Scottish Open: Rain causes chaos

Torrential rain, floods and landslides caused chaos at the Scottish Open with no play taking place on day three.

The tournament at the Castle Stuart course near Inverness has been reduced to 54 holes, with 78 players yet to complete their second rounds.

After several delays, officials decided to start play at 1930 BST on Saturday.

Players took their places out on the course but the officials decided the conditions were still not good enough and abandoned play for the day.

Second-round play was suspended on Friday evening with Graeme McDowell, Scott Jamieson and Peter Whiteford tied for the lead at 11 under par.

Half the 156-strong field had still to complete their second rounds and the pre-Open warm-up event has been cut from 72 holes.

The course suffered severe flooding, plus landslides on holes one and 12.

It is hoped that the second round will be able to get under way at 0700 BST on Sunday, with the third and final round taking place after that.

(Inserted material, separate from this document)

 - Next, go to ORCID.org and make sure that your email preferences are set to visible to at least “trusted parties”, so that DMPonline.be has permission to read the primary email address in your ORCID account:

European Tour official Mike Stewart said: "We have decided that, in the best interests of everyone, it will be reduced to a 54-hole tournament."

However, more showers are forecast for Sunday, with an isolated thunderstorm possible overnight.

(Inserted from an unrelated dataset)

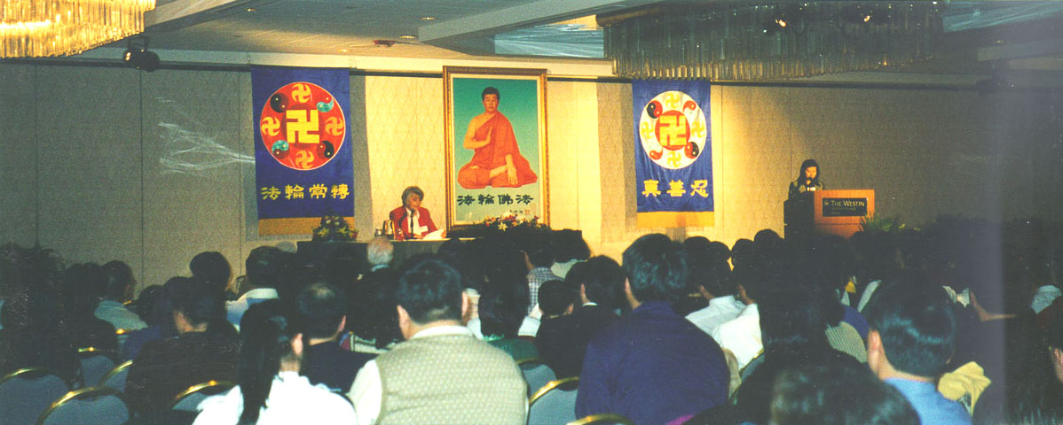 法会的前一天晚上,来自各地的弟子在DAYS INN进行了小组学法交流,还有的在打坐中度过了新旧世纪之交。

There is an option to continue the event on Monday, but that all depends on the conditions, the forecast and how much golf is left to be played.

Many of the players are involved in The Open in Kent next week and a charter plane for around 30 of them has been arranged, but when it leaves now has yet to be determined.

Joint leader McDowell said on Twitter: "Golf course a mess here in Scotland. There has been a landslide on one of the holes and all sorts."

Scotland's Colin Montgomerie needs a top-five finish in the competition in order to qualify for The Open, something he has managed every year since 1989.

"This is extreme, incredible, just freak conditions, end of the world stuff," he said.

"I've been 21 years without a break at The Open. It's a proud record and I don't want that record to break, but I'm running out of time now, especially with only a three-round event."

The 48-year-old currrently lies in joint 25th place at six under par, five strokes adrift of the leaders.

"They are having a big, big laugh - I would be if I was one of them," he added.

It is the first time the tournament has been played at Castle Stuart after it was moved from Loch Lomond.

Tournament director Peter Adams told BBC Scotland on Saturday morning: "We've had an enormous amount of rain overnight.

"It seems to be very isolated. Unfortunately, Castle Stuart seems to have had the worst of it.

"The forecast for this afternoon is for more rain and unfortunately for more thunderstorms, so it's a difficult period we are going through.

"We would've thought we would never be suspended due to rain here - it's just an uncharacteristically large amount.

"We do have the option to continue into Monday - we certainly have the golf course available to use.

"At the moment, it's too early to say what we would do. We are just assessing, as time goes on, our options.

"One of the great advantages we've got is that you could almost play here from five or six in the morning right through until 10 o'clock at night - that's a big advantage to us."

A bumper crowd had been expected over the weekend to see not only five of the world's top nine but also two home players at the top of the leaderboard and Colin Montgomerie - like Jamieson and many others - trying to earn a last-gasp spot in The Open.

That was going to the leading non-exempt player providing he finished in the top five.

Northern Ireland's McDowell, who won the event in 2008 at Loch Lomond, and Scottish pair Whiteford and Jamieson are unlikely to see play on Saturday, with organisers concentrating on completing the second rounds of 78 golfers.

Among those are the world's top two, Englishmen Luke Donald and Lee Westwood, who were both lying at seven under when play was called off for the day on Friday, having nine and seven holes respectively to complete.

Eight players who have little chance of surviving the cut withdrew from the tournament.